======== Extracted information
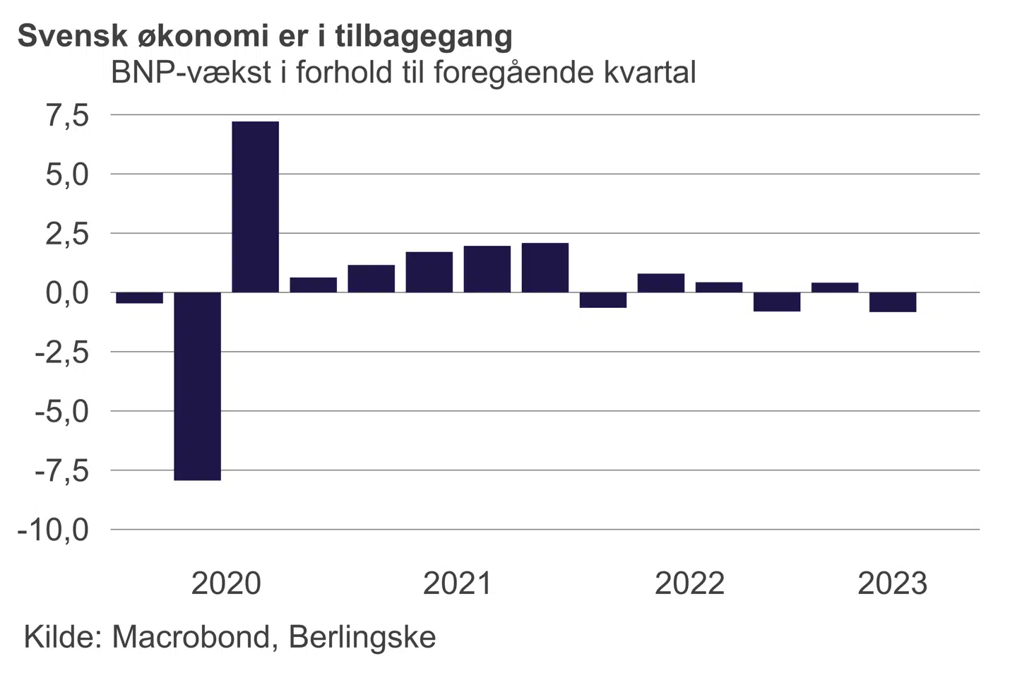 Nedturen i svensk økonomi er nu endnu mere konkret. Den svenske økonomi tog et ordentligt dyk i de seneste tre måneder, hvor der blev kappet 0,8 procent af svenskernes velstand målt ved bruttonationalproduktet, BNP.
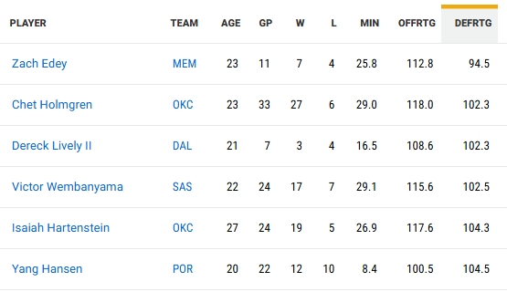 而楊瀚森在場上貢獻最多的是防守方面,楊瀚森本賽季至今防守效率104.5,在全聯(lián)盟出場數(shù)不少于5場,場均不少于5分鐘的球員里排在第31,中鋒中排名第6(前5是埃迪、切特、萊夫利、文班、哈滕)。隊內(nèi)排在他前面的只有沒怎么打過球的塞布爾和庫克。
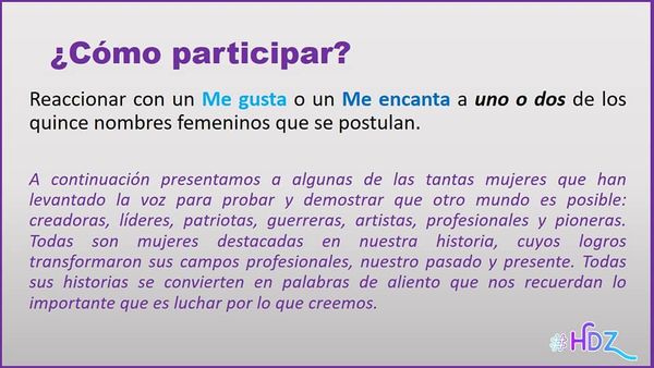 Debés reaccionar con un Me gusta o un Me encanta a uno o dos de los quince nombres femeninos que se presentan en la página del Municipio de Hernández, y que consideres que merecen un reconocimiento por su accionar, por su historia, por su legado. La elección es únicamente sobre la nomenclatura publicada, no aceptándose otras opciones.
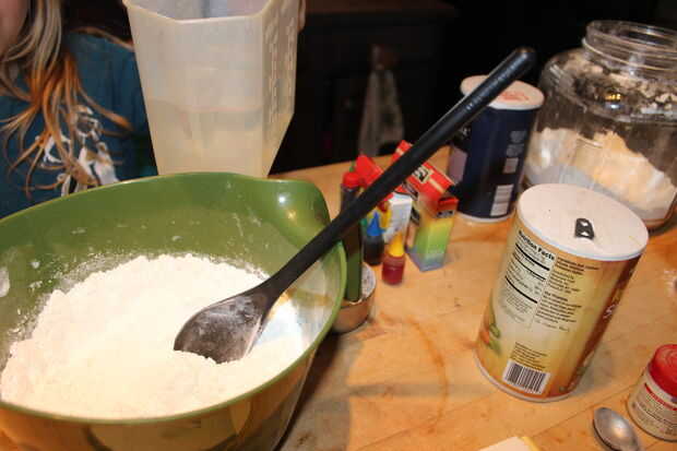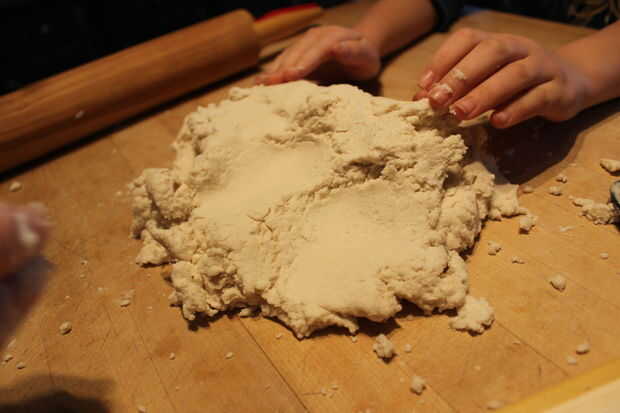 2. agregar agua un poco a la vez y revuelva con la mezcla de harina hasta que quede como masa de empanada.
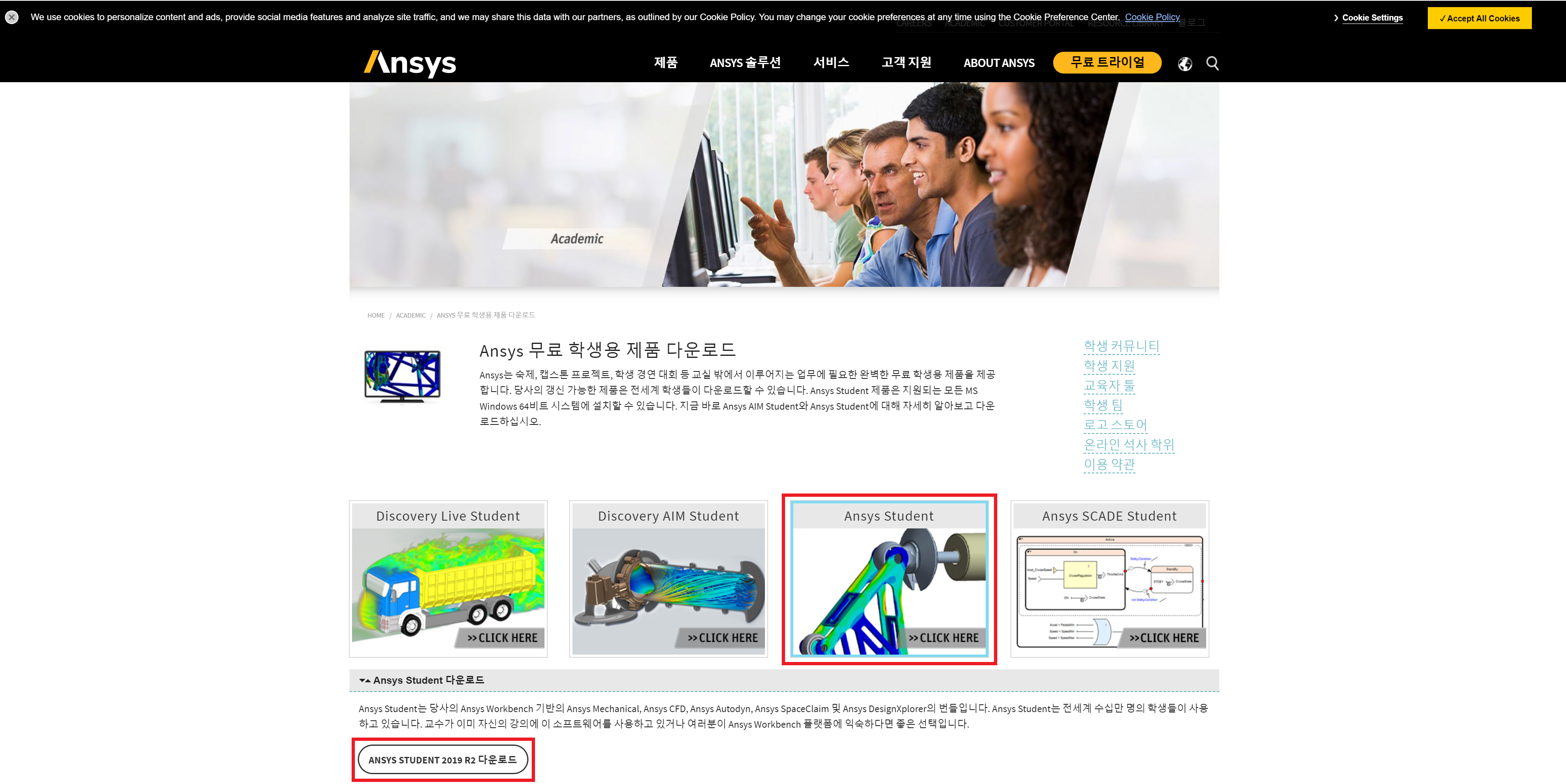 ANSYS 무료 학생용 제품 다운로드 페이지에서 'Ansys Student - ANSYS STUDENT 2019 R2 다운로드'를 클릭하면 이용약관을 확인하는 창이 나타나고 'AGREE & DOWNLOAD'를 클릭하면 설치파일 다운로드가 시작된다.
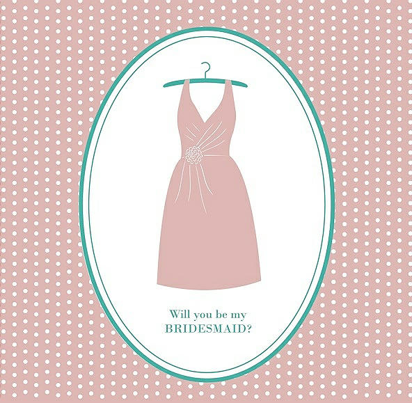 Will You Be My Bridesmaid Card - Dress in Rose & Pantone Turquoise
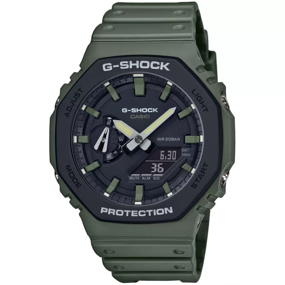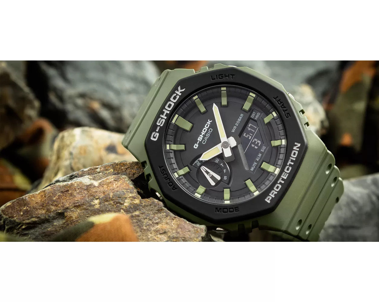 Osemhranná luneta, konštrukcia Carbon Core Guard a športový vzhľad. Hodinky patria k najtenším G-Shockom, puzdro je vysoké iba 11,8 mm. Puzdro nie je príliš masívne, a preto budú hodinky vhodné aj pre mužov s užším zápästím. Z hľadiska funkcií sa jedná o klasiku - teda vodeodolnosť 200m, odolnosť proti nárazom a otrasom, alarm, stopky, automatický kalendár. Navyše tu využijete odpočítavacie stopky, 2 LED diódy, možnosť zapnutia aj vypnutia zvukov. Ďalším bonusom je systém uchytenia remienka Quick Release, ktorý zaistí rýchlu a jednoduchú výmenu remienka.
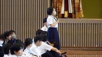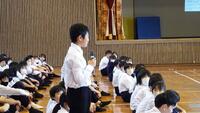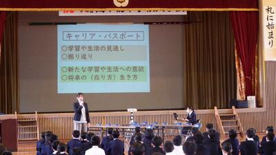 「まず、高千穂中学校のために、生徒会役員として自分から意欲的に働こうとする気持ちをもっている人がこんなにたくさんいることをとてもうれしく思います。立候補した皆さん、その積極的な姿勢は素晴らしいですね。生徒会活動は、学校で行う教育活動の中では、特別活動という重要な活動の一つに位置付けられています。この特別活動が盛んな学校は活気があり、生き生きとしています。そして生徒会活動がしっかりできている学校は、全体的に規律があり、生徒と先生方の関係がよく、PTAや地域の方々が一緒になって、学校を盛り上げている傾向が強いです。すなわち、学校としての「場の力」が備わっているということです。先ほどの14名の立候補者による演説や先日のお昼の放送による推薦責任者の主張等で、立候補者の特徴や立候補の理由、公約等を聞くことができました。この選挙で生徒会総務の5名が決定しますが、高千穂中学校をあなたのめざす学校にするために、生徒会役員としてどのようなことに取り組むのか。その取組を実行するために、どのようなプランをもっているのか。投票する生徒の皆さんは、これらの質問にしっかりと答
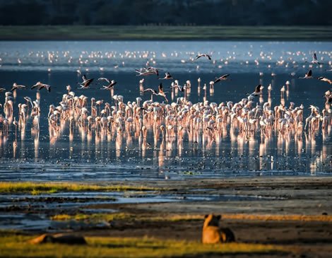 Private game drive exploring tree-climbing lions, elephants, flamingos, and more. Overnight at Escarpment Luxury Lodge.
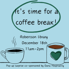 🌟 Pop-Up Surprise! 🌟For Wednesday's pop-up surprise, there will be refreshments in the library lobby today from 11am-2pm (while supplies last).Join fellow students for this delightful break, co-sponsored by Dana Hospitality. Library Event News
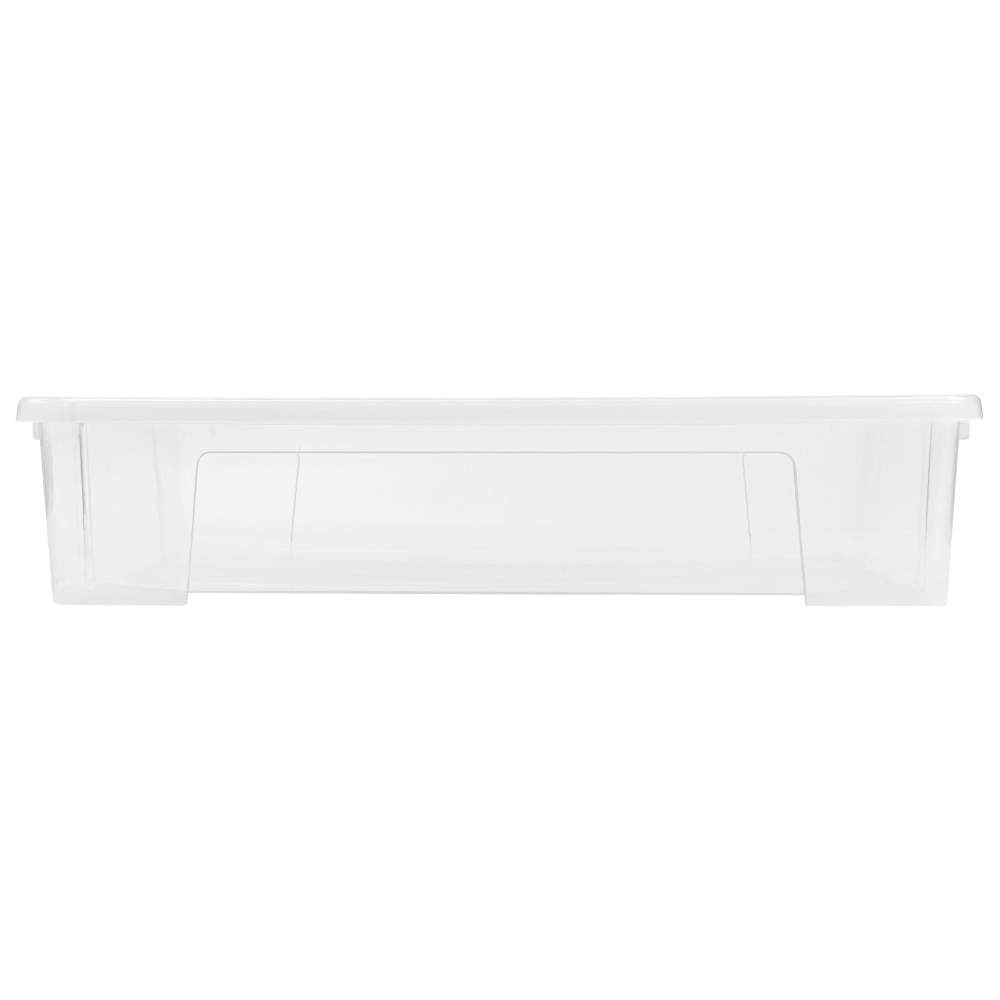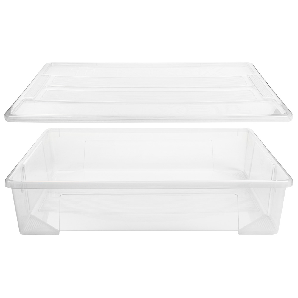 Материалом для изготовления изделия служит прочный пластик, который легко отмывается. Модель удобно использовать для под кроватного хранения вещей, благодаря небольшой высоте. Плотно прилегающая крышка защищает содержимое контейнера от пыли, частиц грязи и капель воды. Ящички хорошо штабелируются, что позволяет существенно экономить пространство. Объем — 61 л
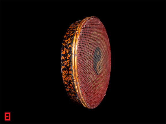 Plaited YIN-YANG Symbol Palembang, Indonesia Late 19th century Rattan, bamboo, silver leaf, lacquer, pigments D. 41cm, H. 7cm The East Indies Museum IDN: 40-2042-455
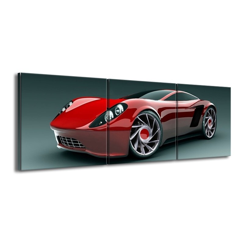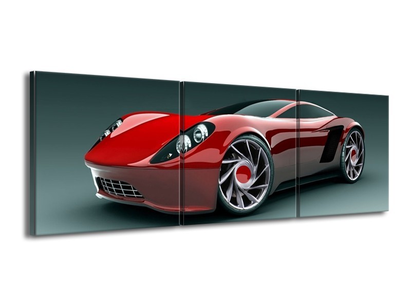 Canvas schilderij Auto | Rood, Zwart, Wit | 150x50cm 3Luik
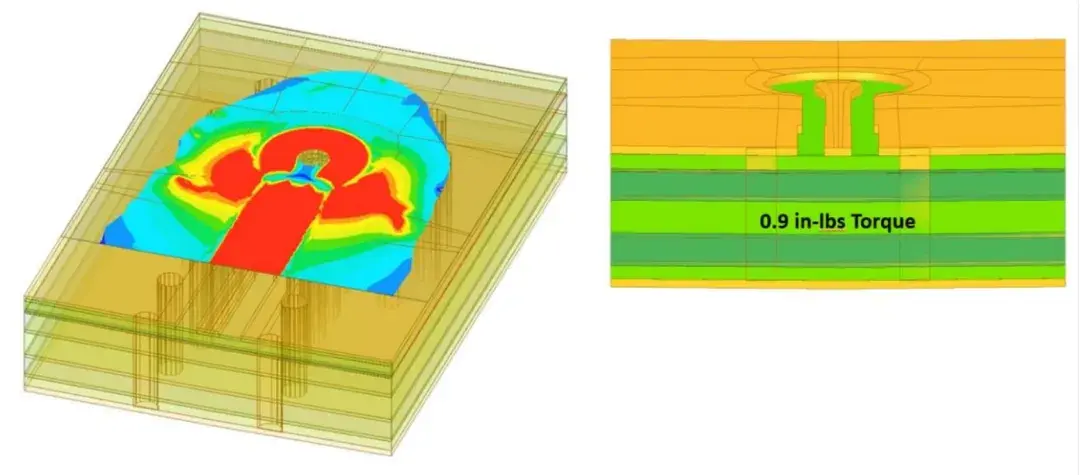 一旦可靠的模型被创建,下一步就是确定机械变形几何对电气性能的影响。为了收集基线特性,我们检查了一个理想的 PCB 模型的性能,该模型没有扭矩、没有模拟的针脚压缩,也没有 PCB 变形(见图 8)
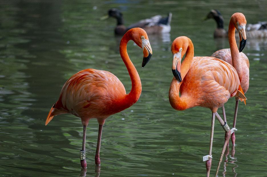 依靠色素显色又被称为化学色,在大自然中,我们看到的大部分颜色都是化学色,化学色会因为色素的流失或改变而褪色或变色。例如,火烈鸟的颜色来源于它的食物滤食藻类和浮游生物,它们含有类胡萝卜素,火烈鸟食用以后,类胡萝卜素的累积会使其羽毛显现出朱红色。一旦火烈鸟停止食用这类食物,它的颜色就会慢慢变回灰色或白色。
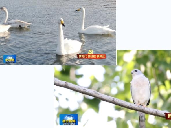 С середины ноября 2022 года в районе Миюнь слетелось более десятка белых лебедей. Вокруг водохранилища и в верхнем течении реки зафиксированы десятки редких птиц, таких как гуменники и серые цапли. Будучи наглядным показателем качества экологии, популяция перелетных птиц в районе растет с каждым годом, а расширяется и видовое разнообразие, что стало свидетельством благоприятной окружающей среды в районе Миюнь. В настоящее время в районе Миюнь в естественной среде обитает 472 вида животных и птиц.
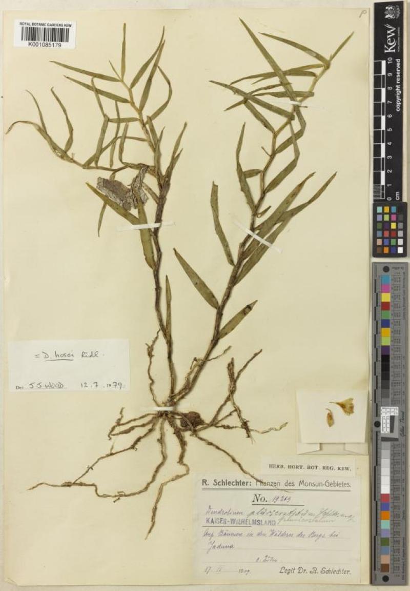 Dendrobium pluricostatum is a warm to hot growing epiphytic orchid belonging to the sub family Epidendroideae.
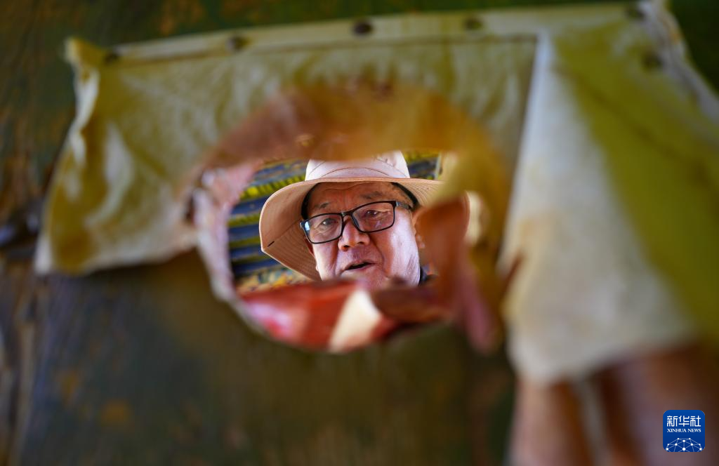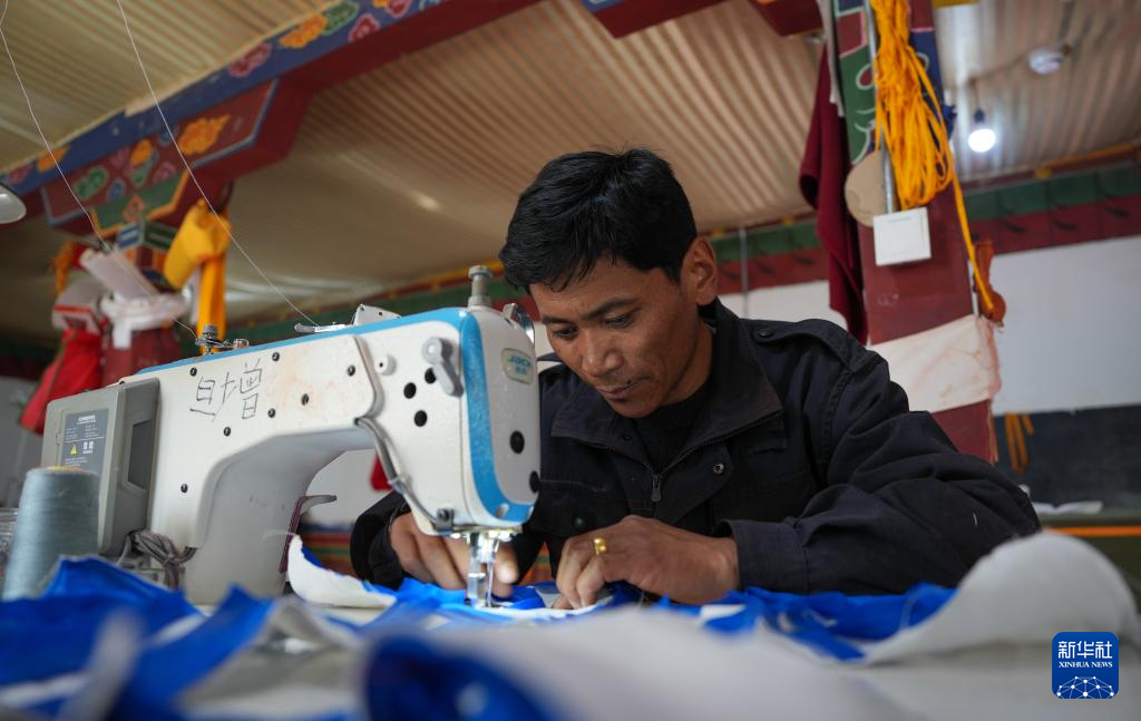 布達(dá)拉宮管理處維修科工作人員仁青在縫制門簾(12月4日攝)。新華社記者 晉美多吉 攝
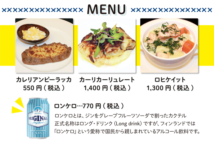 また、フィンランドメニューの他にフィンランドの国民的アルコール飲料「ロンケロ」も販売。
================
Prompt
Go to the line above holding "ANSYS 무료 학생용", then copy exactly each line down to and including the one holding "Private game drive", leaving pictures out.

Reply
 ANSYS 무료 학생용 제품 다운로드 페이지에서 'Ansys Student - ANSYS STUDENT 2019 R2 다운로드'를 클릭하면 이용약관을 확인하는 창이 나타나고 'AGREE & DOWNLOAD'를 클릭하면 설치파일 다운로드가 시작된다.
 Will You Be My Bridesmaid Card - Dress in Rose & Pantone Turquoise
 Osemhranná luneta, konštrukcia Carbon Core Guard a športový vzhľad. Hodinky patria k najtenším G-Shockom, puzdro je vysoké iba 11,8 mm. Puzdro nie je príliš masívne, a preto budú hodinky vhodné aj pre mužov s užším zápästím. Z hľadiska funkcií sa jedná o klasiku - teda vodeodolnosť 200m, odolnosť proti nárazom a otrasom, alarm, stopky, automatický kalendár. Navyše tu využijete odpočítavacie stopky, 2 LED diódy, možnosť zapnutia aj vypnutia zvukov. Ďalším bonusom je systém uchytenia remienka Quick Release, ktorý zaistí rýchlu a jednoduchú výmenu remienka.
 「まず、高千穂中学校のために、生徒会役員として自分から意欲的に働こうとする気持ちをもっている人がこんなにたくさんいることをとてもうれしく思います。立候補した皆さん、その積極的な姿勢は素晴らしいですね。生徒会活動は、学校で行う教育活動の中では、特別活動という重要な活動の一つに位置付けられています。この特別活動が盛んな学校は活気があり、生き生きとしています。そして生徒会活動がしっかりできている学校は、全体的に規律があり、生徒と先生方の関係がよく、PTAや地域の方々が一緒になって、学校を盛り上げている傾向が強いです。すなわち、学校としての「場の力」が備わっているということです。先ほどの14名の立候補者による演説や先日のお昼の放送による推薦責任者の主張等で、立候補者の特徴や立候補の理由、公約等を聞くことができました。この選挙で生徒会総務の5名が決定しますが、高千穂中学校をあなたのめざす学校にするために、生徒会役員としてどのようなことに取り組むのか。その取組を実行するために、どのようなプランをもっているのか。投票する生徒の皆さんは、これらの質問にしっかりと答
 Private game drive exploring tree-climbing lions, elephants, flamingos, and more. Overnight at Escarpment Luxury Lodge.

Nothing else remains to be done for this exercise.